Presiden Amerika Serikat, Donald Trump, memberi sinyal kesediaan.
Untuk bertemu langsung dengan Pemimpin Tertinggi Iran, Ali Khamenei.
Sinyal itu muncul ketika Washington juga mengerahkan tambahan kekuatan militer ke kawasan Timur Tengah.
Menteri Luar Negeri AS, Marco Rubio, menyatakan Trump terbuka untuk pembicaraan tingkat tinggi apabila Teheran menunjukkan minat pada dialog langsung.
Ia menjelaskan bahwa Trump lebih memilih penyelesaian melalui kesepakatan.
Meskipun belum ada kepastian bahwa negosiasi akan membuahkan hasil konkret.
Trump turut mengingatkan bahwa kegagalan mencapai kesepakatan dapat berujung pada konsekuensi serius.
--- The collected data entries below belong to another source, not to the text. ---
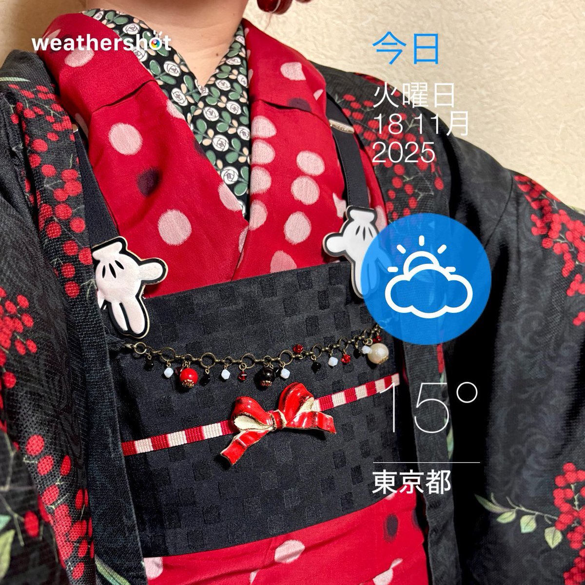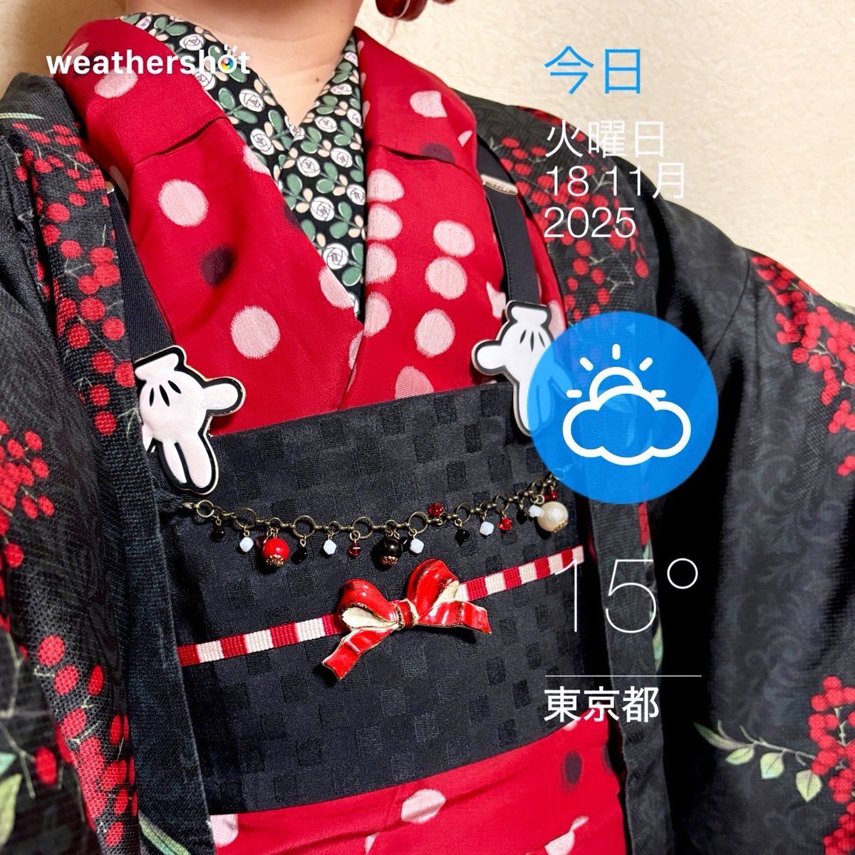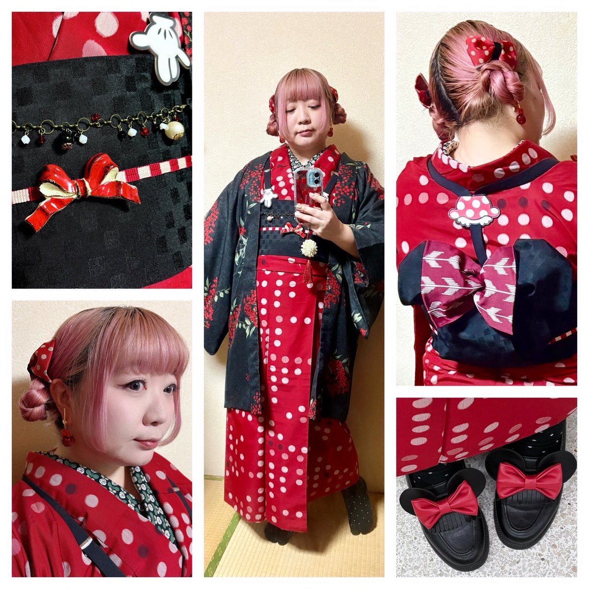 #今日の着物 赤 水玉 #アンティーク着物 に黒半幅帯をミニーちゃん結び。南天 羽織。 #着物 MEGAたんす屋 ꫛꫀꪝ帯 楽天 三分紐 #kimonotento 帯留🎀 #latelierBonBon 羽織 京都きもの町 羽織紐 #Kimono163 ヘアリボン 自作 ピアス🍒 Liquem サスペンダー ディズニー 靴 ABCマート×Areeam 🎂 pic.x.com/6NQZRkbMzh x.com/angel_hinabun/…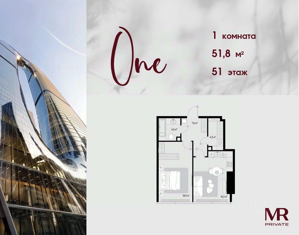 В продаже 1-комнатная квартира площадью 51.80 м² на 51-м этаже.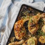 Disponer el pollo encima de la cama de verduras e introducir la bandeja en el horno

Ia merujuk pada serangan AS terhadap fasilitas nuklir Iran dalam konfrontasi Juni 2025 sebagai contoh eskalasi yang mungkin terulang.
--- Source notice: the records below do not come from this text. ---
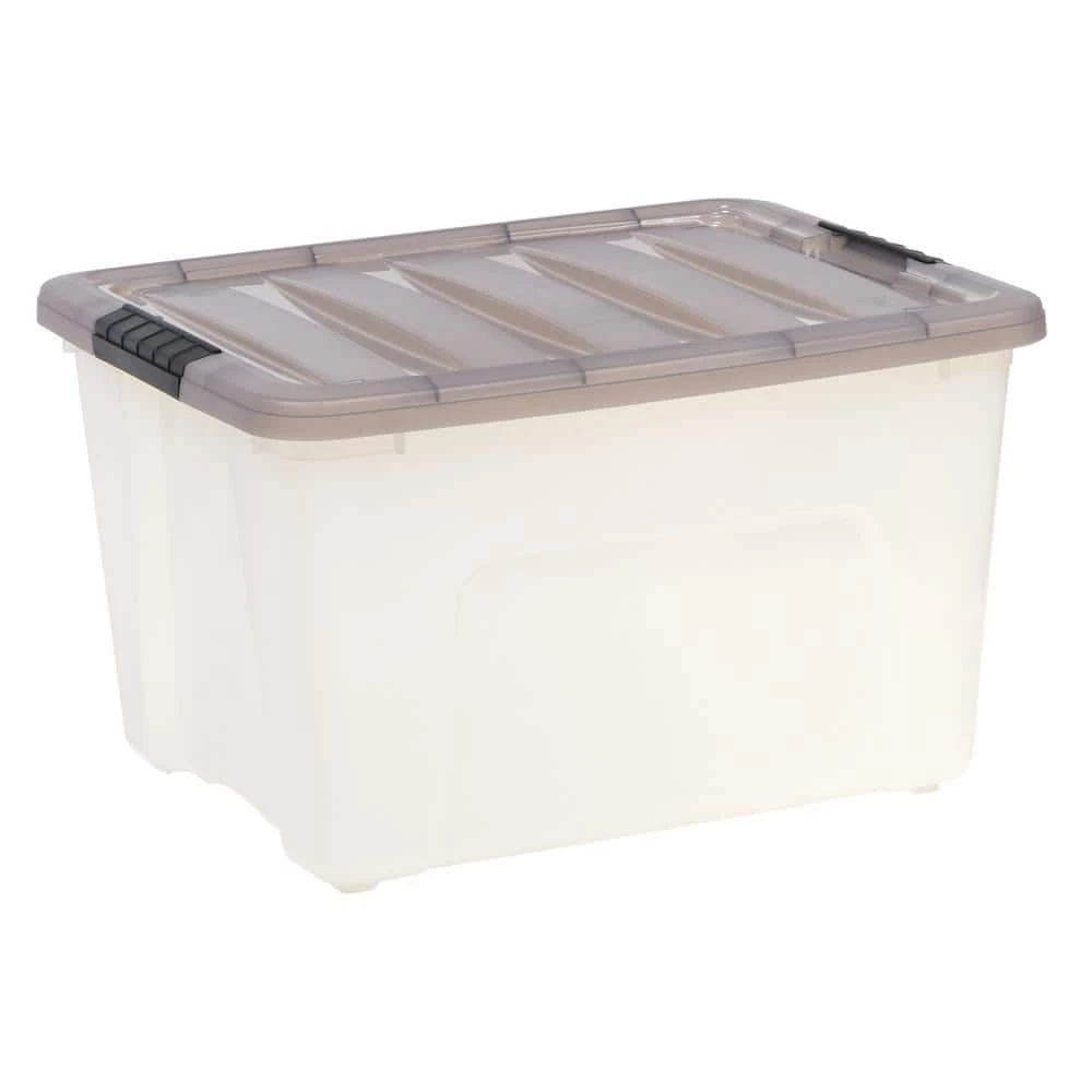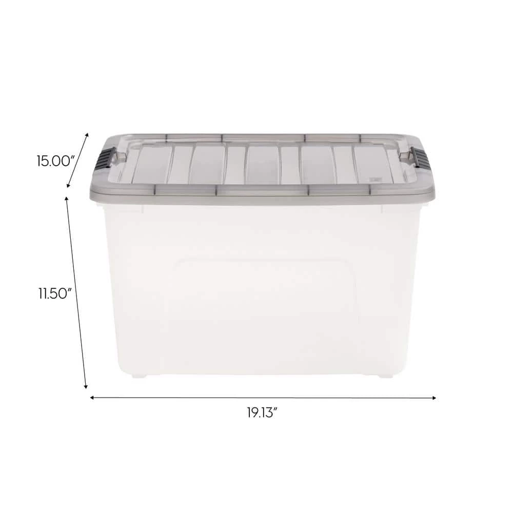 IRIS 40 qt. Stack and Pull storage boxes easily store shoes, craft supplies, office supplies, and more. The modular storage bin system is built to meet your needs. A sturdy locking lid keeps the lid securely in place and the built-in handle makes it easy to pull the plastic bin off a shelf. The storage boxes stack neatly with other units in the Stack and Pull Series; available in 5 qt., 12 qt., 19 qt., 32 qt., 53 qt., 72 qt. Stack and Pull storage boxes.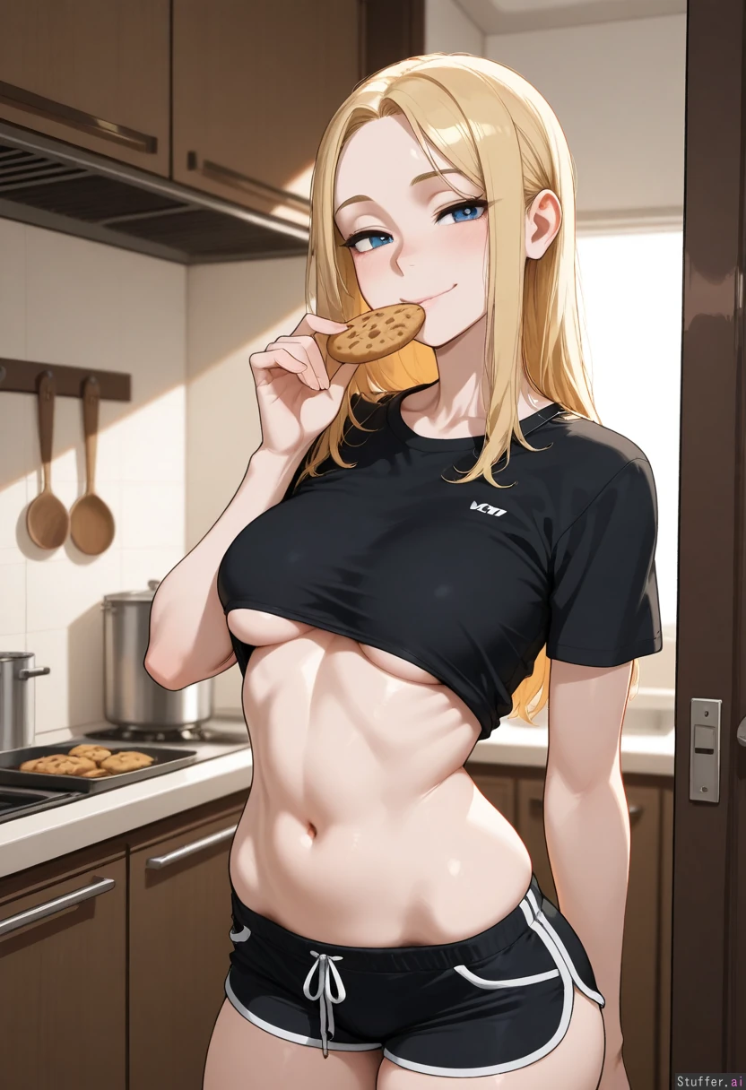 masterpiece, best quality, score_7. Krekkov_artist, KipKipTei_artist, KAMII_MOMOROU_artist, beautiful shading, highly detailed, best quality, perfect anatomy, perfect proportions, perfect lighting, soft lighting, 1woman, milf, solo adult, tall, Long blonde hair, bangs, smiling, sexy face, pale skin, (Kitchen) , standing , Flushed face, t-shirt, shorts, (slim:1.4), eating cookies, small_waist, (skindentation), underboob, (toned belly), midriff, (Athletic build), Modest breasts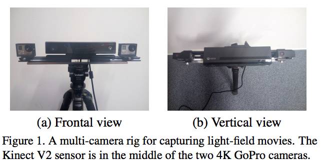 本文介绍了一种新的光场电影捕捉设备,该设备配备一个Kinect V2和两个 4K GoPro相机。
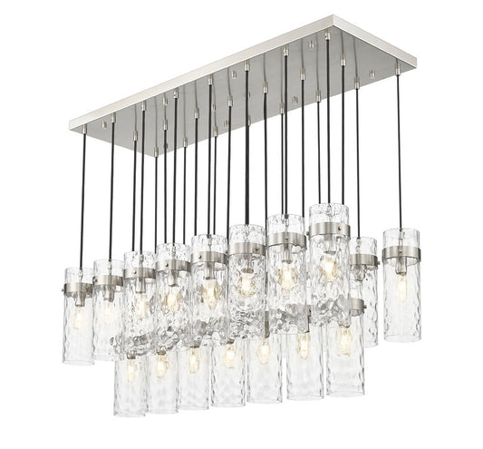 Z-Lite Fontaine 20" 23-Light Brushed Nickel Steel Frame Clear Waterglass Shade Linear Chandelier

Di saat yang sama, delegasi AS dan Iran dijadwalkan bertemu pada Selasa (17/2/2026) di Jenewa untuk putaran kedua negosiasi nuklir.
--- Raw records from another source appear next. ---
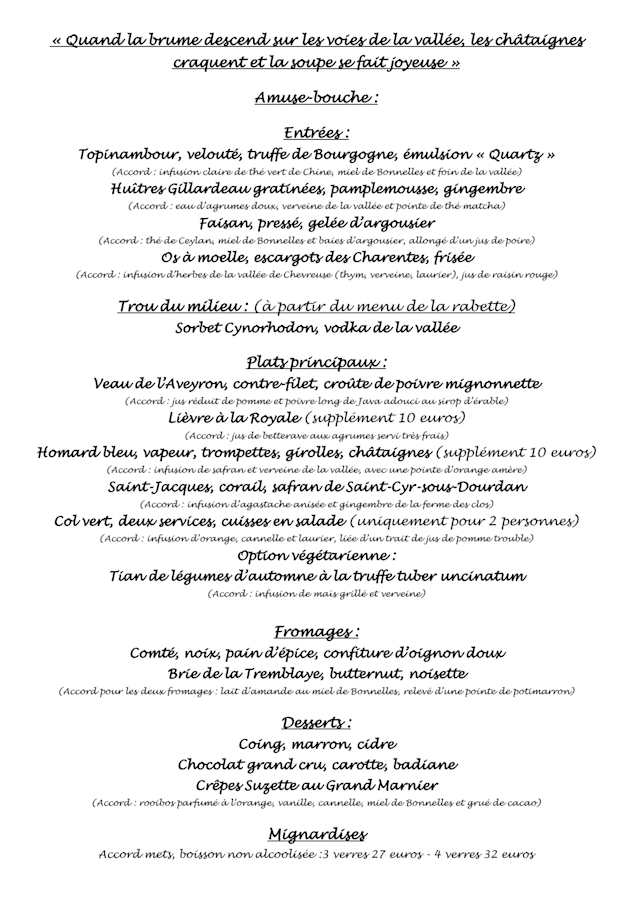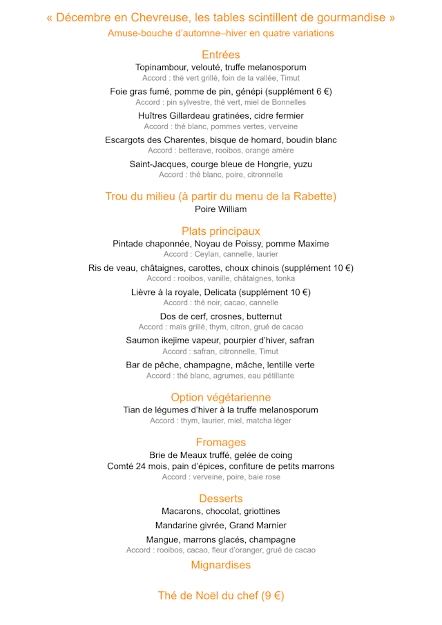 10/10Such a good place for a lunch, not too far from Paris. Excellent and very high quality of food and services. The vin was fantastic and well recommended for the food we ordered. Totally convinced by the charm of the surrounding environnement of the Vallée de Chevreuse
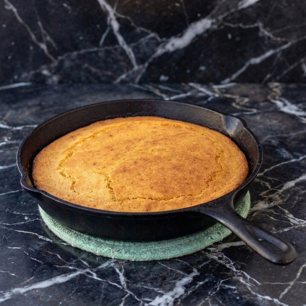 Let the cornbread cool in the skillet for 10-15 minutes before slicing. Serve warm with butter and honey.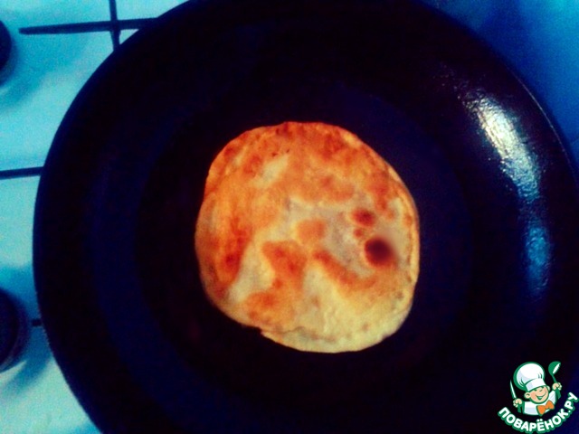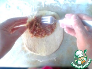 Раскатываем тесто, диаметром приблизительно 13 см, и выкладываем фарш на получившийся пласт.
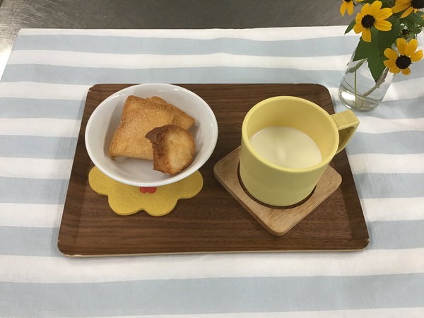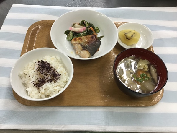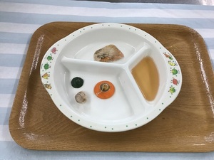 <離乳食>(1歳2ヶ月頃)・玄米ゆかりご飯・サバの塩こうじ焼き・かつお出汁の人参スティック・きゅうりとツナの和え物・かきたま汁・バナナ<幼児食>・玄米ゆかりご飯・サバの塩こうじ焼き・きゅうりとかまぼこのごま和え・かきたま汁・キウイフルーツ<おやつ>・ラスク・牛乳<ベジブロス>

Pertemuan tersebut dimediasi oleh Oman setelah sebelumnya berlangsung pembicaraan tidak langsung di Muscat pada awal Februari 2026.
Delegasi AS disebut akan melibatkan utusan Steve Witkoff dan penasihat Jared Kushner.
Sedangkan pihak Iran dipimpin Menteri Luar Negeri Abbas Araghchi.
Di tengah proses diplomasi, Washington memutuskan memindahkan kapal induk USS Gerald Ford ke Timur Tengah.
Untuk bergabung dengan USS Abraham Lincoln beserta kapal perusak dan pesawat tempur yang telah lebih dulu ditempatkan.
Trump menyatakan pengerahan itu diperlukan apabila negosiasi tidak menghasilkan kesepakatan.
Sementara itu, Iran menegaskan tidak akan tunduk pada tekanan politik terkait program nuklirnya.